Thank you, he is a bit on the defensive/ aggressive side, flaps and tries to peck a bit when approached, although at the same time seems curious and watches people and coos when people go into the room. Only had him a few days though so early days. He has not been kept with other birds before and is approx one year, so wondering if he will learn to interact with others. I read something on the internet about birds having trouble fully interacting when they haven't been with other birds before?


----------



## Libis (Oct 8, 2010)

I have ringneck aka java doves. Mine tend to be pretty territorial and will start fights they can't win. Edmund in particular is highly aggressive and has lost several homes for causing strife and getting the crap beat out of himself. 

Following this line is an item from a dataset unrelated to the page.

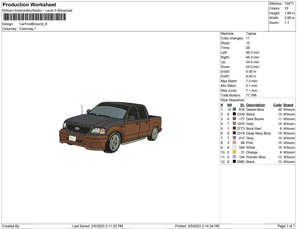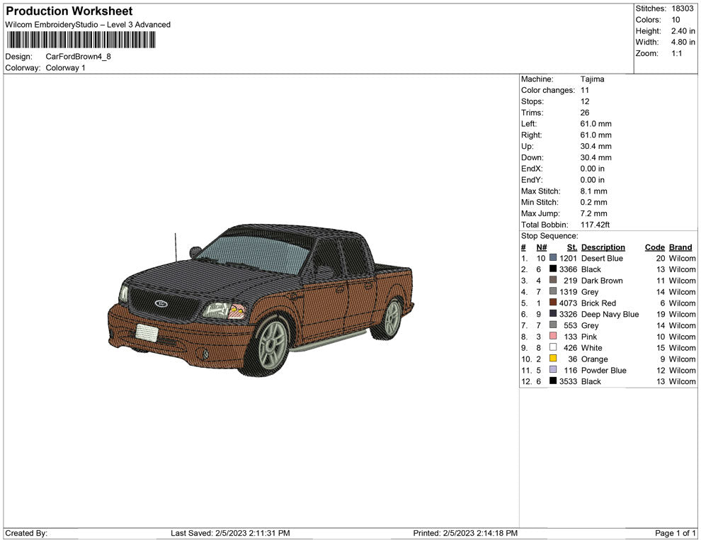 Car Ford Brown embroidery design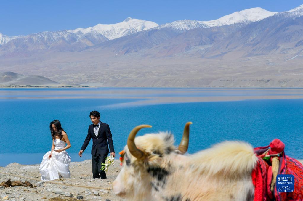 新疆阿克陶縣境內的白沙湖風(fēng)景區,一對年輕人在湖邊拍攝婚紗照(4月14日攝)。

Based on my birds, I do not recommend mixing ringnecks with other species. However, some people have had success with it. You still risk getting a bunch of birds that you have to make separate accommodations for. With one of my ringneck cocks, I have a hard enough time making him be nice to his mate when he's feeling ornery.


----------



## Ange17 (Jul 3, 2011)

Thank you Libis, very undecided now!

I am working on his aviary, nearly finished but he will not be going out for a few days at least. We are having sub zero temps here, ( mid uk ) so with him being in for a week might be a bit of a shock! should be a bit warmer next week and his aviary is within a garage so not completely outside


----------



## spirit wings (Mar 29, 2008)

Ange17 said:


> Thank you Libis, very undecided now!
> 
> I am working on his aviary, nearly finished but he will not be going out for a few days at least. We are having sub zero temps here, ( mid uk ) so with him being in for a week might be a bit of a shock! should be a bit warmer next week and his aviary is within a garage so not completely outside


for some reason I did not think it got that cold in the UK.. is that temp norm for you there?


----------



## Ange17 (Jul 3, 2011)

It varies a lot here, it can be mild one week and freezing the next. This winter has been quite mild until the end of last week, we had snow on Saturday, melting a lot now though. In winter sub zero temperatures are not uncommon. It said on the weather forecast it could be down to minus 13 at the weekend!


----------